Source Estimation#
SE#
- calibrain.source_estimation.gamma_map(L, y, noise_var=None, noise_type='oracle', n_orient=1, max_iter=1000, tol=1e-15, update_mode=2, init_gamma=None, verbose=True, logger=None)[source]#
- calibrain.source_estimation.sqrtm_sym(M, inv=False)[source]#
Compute the square root (or inverse square root) of symmetric matrices, handling both 2D and block-diagonal 3D cases.
- calibrain.source_estimation.normalize_R(G, R, G_3, n_nzero, force_equal, n_src, n_orient)[source]#
Normalize the source covariance matrix (R) for consistency with eigenvalues.
This function normalizes the product G @ R @ G.T so that its trace matches a reference value (n_nzero).
Parameters:#
- Gndarray, shape (n_chan, n_src * n_orient)
The lead-field or forward matrix after applying whitening and source scaling.
- Rndarray
The source covariance matrix; may be a 1D vector (single orientation) or a block diagonal structure (multiple orientations).
- G_3ndarray or None
Reshaped version of G for multi-orientation sources (n_src x n_orient x n_chan), or None for single orientation.
- n_nzeroint
The number of non-zero sensor dimensions (typically, the number of sensors).
- force_equalbool
If True, enforce equal orientation weights (i.e., treat sources with single orientation).
- n_srcint
Number of sources (after accounting for orientation).
- n_orientint
Number of orientations per source (1 for fixed, 3 for free orientation).
Returns:#
: G_R_Gt : ndarray
The normalized product G @ R @ G.T.
- calibrain.source_estimation.get_G_3(G, n_orient)[source]#
Reshape and transpose the lead-field matrix G for multi-orientation sources.
Parameters:#
- Gndarray, shape (n_chan, n_src * n_orient)
The original lead-field matrix, after whitening and orientation‐prior scaling.
- n_orientint
Number of orientations per source (1 for fixed, 3 for free orientation).
Returns:#
: ndarray or None :
If n_orient > 1, returns an array of shape (n_src, n_orient, n_chan), so that each source’s 3×n_chan lead-field slice is one block.
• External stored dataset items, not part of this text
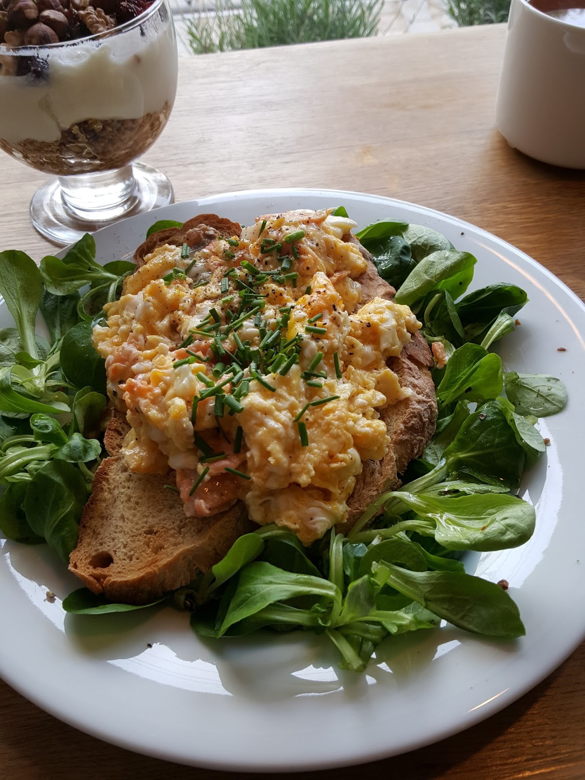 Ja zdecydowałam się na jajecznicę z wędzonym łososiem (15,00) – która przygotowana została z 3 jaj i podana na dwóch grzankach oraz sporej ilości roszponki (dobrze:). Porcja była olbrzymia i ledwo jej podołałam. A w smaku – pychota
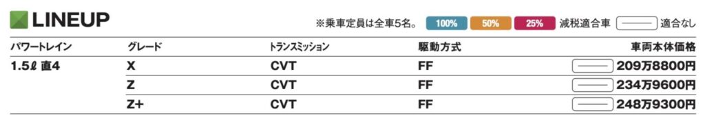1.5ℓ自然吸気に絞り込み 全車200万円台の価格設定
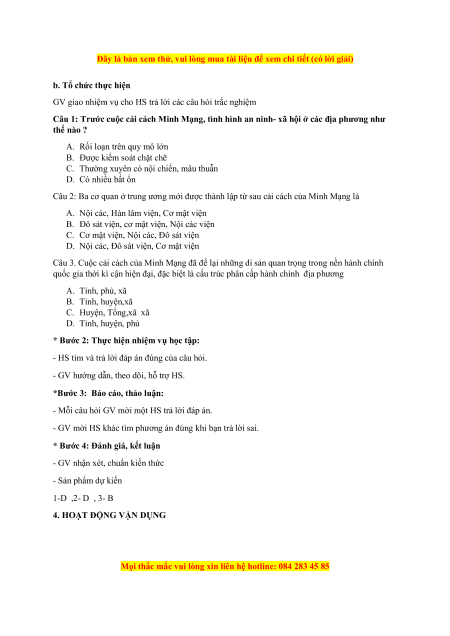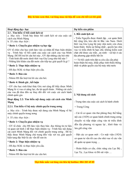 Đây là bản xem thử, vui lòng mua tài liệu để xem chi tiết (có lời giải) Hoạt động dạy- học Dự kiến sản phẩm
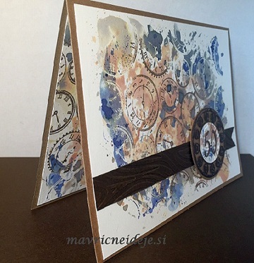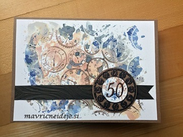 Izdelati voščilnico za moškega, o katerem izveš le to, da bo star 50 let in je bolj poslovne narave je zanimiv izziv. Idejo odtisa ur in akvarelne barve sem našla na spletu, sama pa sem voščilnico izdelala z razpoložljivim materialom iz lastnega ustvarjalnega kotička.
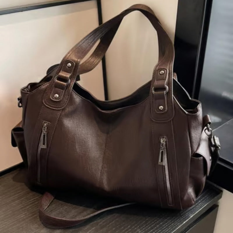 PUNKOVÝ DESIGN – Taška zdobená punkem inspirovaným designem s nýty je odvážným módním doplňkem pro každodenní použití.

If n_orient == 1, returns None.
- calibrain.source_estimation.R_sqrt_mult(other, R_sqrt)[source]#
Efficiently compute the multiplication: other @ R_sqrt.
This function handles both diagonal and block-diagonal cases for R_sqrt.
Parameters:#
- otherndarray, shape (n_chan, n_src * n_orient) or similar
The matrix to be multiplied with R_sqrt.
- R_sqrtndarray
The square root of the source covariance matrix R. It is either a 1D vector (for a diagonal matrix) or a 3D array (for block-diagonal multi-orientation case).
Returns:#
: out : ndarray
The result of the matrix multiplication.
- calibrain.source_estimation.compute_reginv2(sing, n_nzero, lambda2)[source]#
Compute the regularized inverse of singular values.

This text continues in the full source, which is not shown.